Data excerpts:

:::::

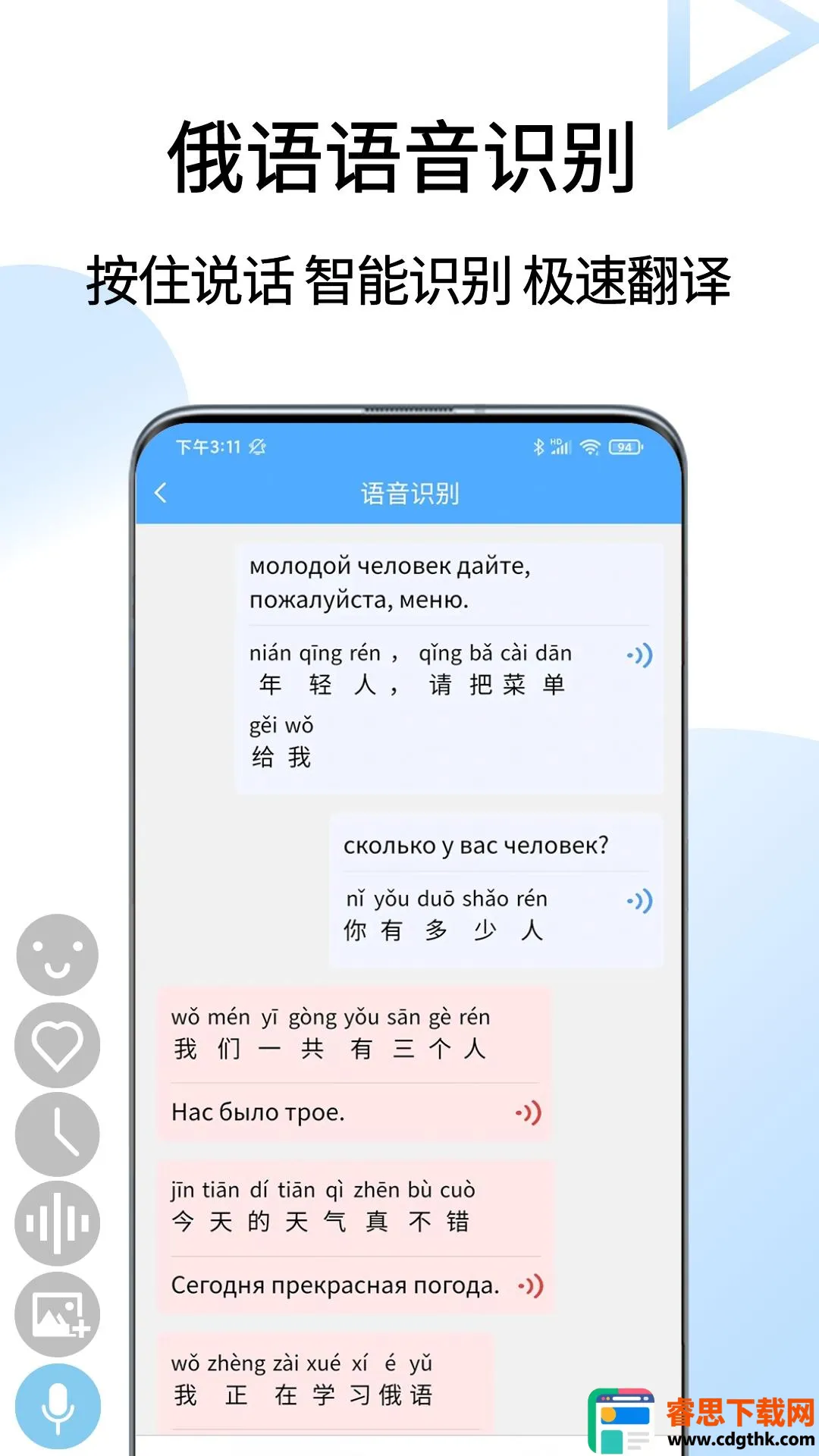 2. 便捷的翻译方式:具备文字翻译、语音翻译、拍照翻译等功能。长按语音翻译,拍照上传图片智能识别翻译,快速获取精准结果。
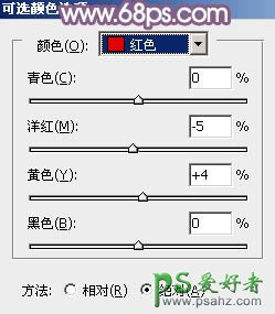 2、创建可选颜色调整图层,对红、黄、中性色进行调整,参数设置如图5 - 7,效果如图8。这一步把人物肤色转为橙黄色。
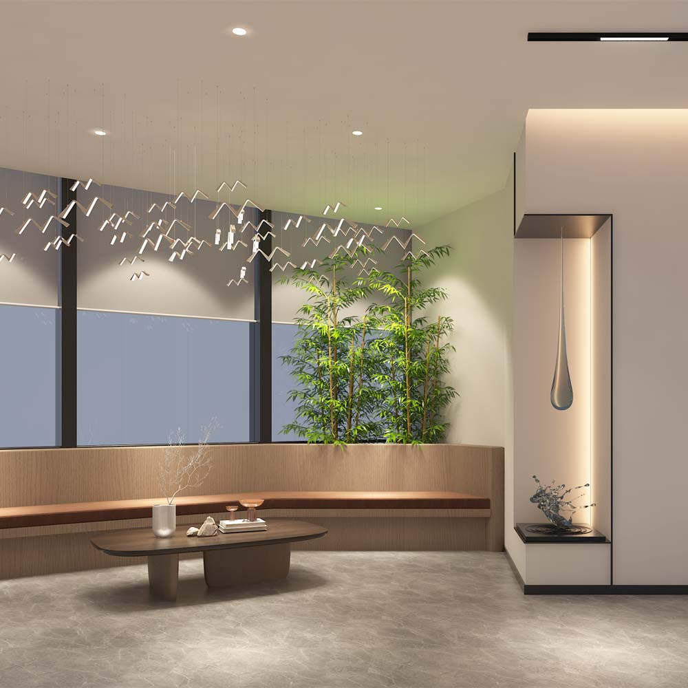 本次富雅國際辦公會所設計裝修案例中,客戶的主要訴求是“多元化的辦公商務需求”,在經(jīng)過多次實地測量考察與溝通后,結合現(xiàn)場扇形場地限制,“吃喝玩樂一條龍服務”成為本次項目設計理念之一。
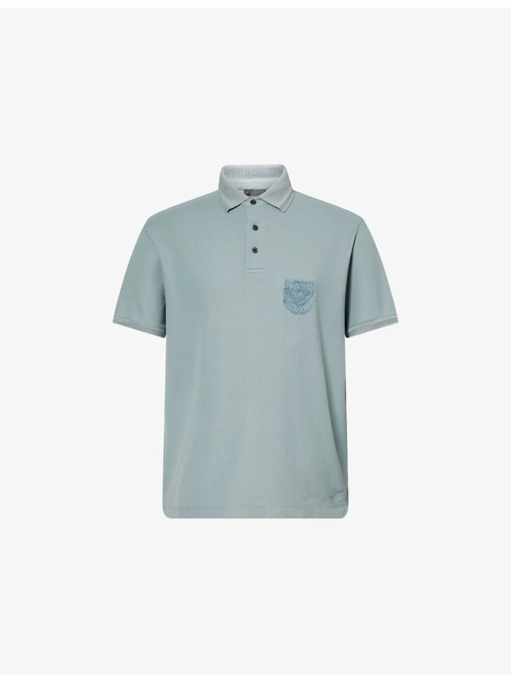PRODUCT DETAILS - Emporio Armani cotton polo shirt - 100% cotton - Exposed button fastenings at front - Relaxed fit, polo collar, three-button placket, short sleeves, logo crest embroidered at chest, braided ribbed trims - Machine wash at 30°C - Model is 6ft 2in/1.88m and wears a size medium - Lightweight, slight stretch Ref: R04556478
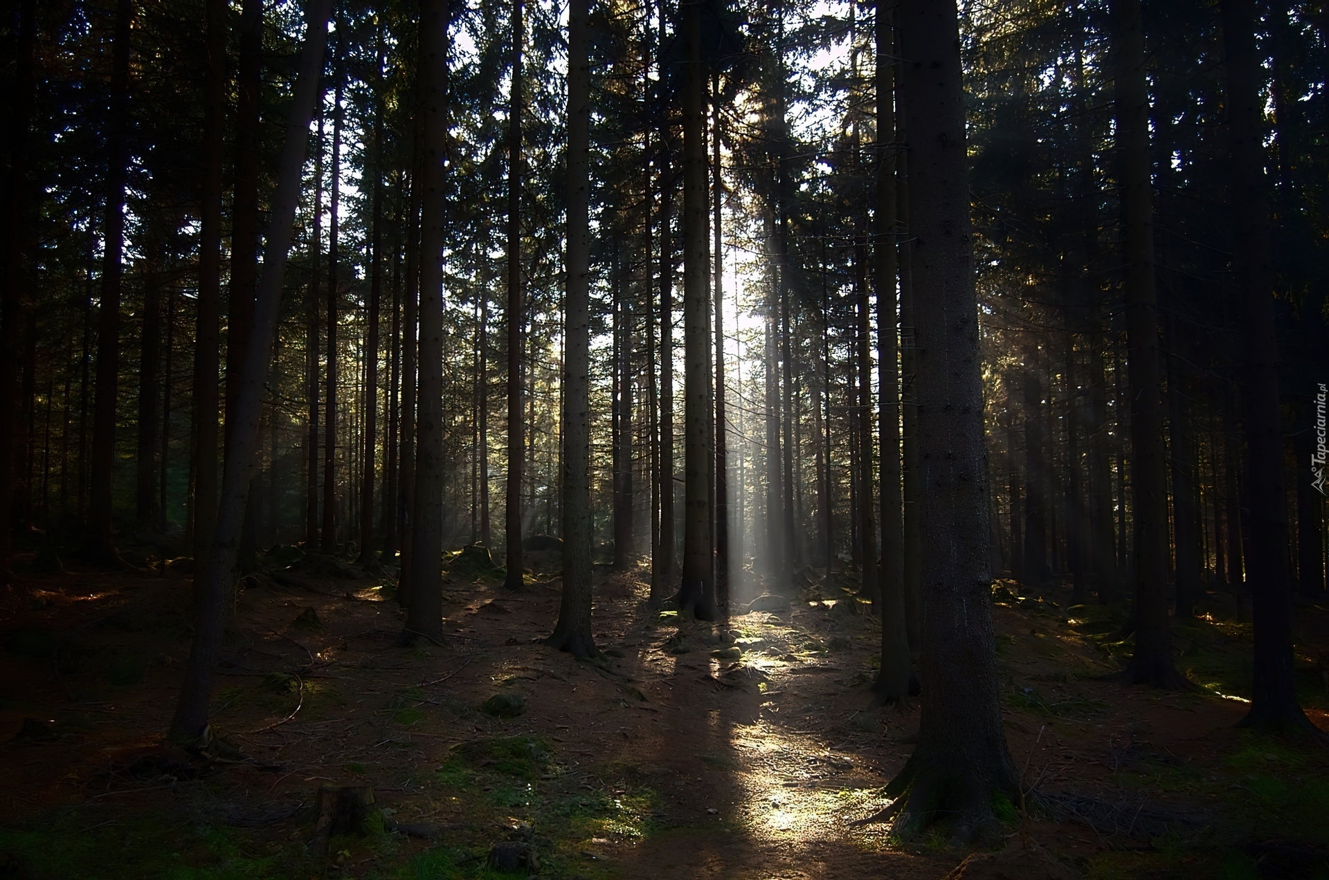 Edytor tapety: Las, Drzewa, Światło, Promień
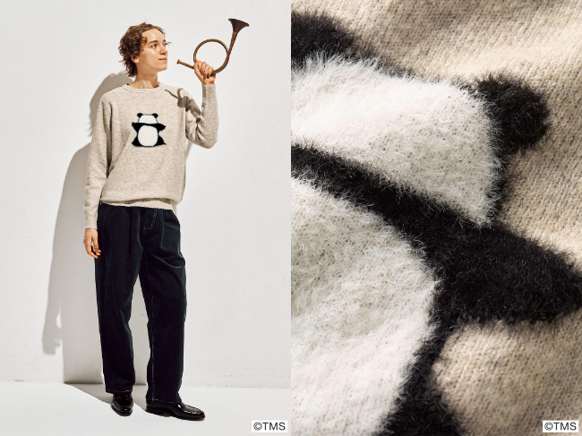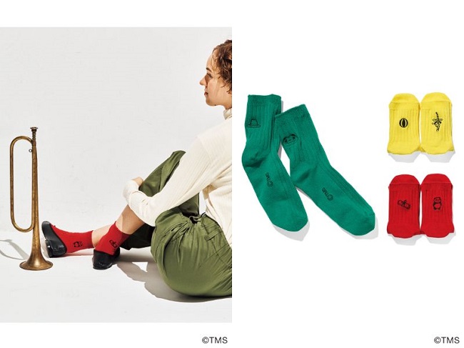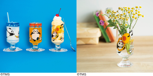 印象的なオープニングのラインダンスシーンをそのまま形にした「もこもこポーチ」をはじめ、昔の純喫茶気分も味わえる「オープニングアートの脚付きグラス」、作中の名シーンを再現した「パンちゃんの竹筒風リップケース」のほか、ニット、スウェットトップス、ソックスなど、懐かしさの中に新鮮さを感じるおしゃれなラインナップになっています。

:::::

== ASSIGNMENT ==
Copy the records above exactly, from the first line through the line containing "本次富雅國際辦公會所設計裝修", and leave out the pictures.

== ANSWER TO THIS EXERCISE ==
 2. 便捷的翻译方式:具备文字翻译、语音翻译、拍照翻译等功能。长按语音翻译,拍照上传图片智能识别翻译,快速获取精准结果。
 2、创建可选颜色调整图层,对红、黄、中性色进行调整,参数设置如图5 - 7,效果如图8。这一步把人物肤色转为橙黄色。
 本次富雅國際辦公會所設計裝修案例中,客戶的主要訴求是“多元化的辦公商務需求”,在經(jīng)過多次實地測量考察與溝通后,結合現(xiàn)場扇形場地限制,“吃喝玩樂一條龍服務”成為本次項目設計理念之一。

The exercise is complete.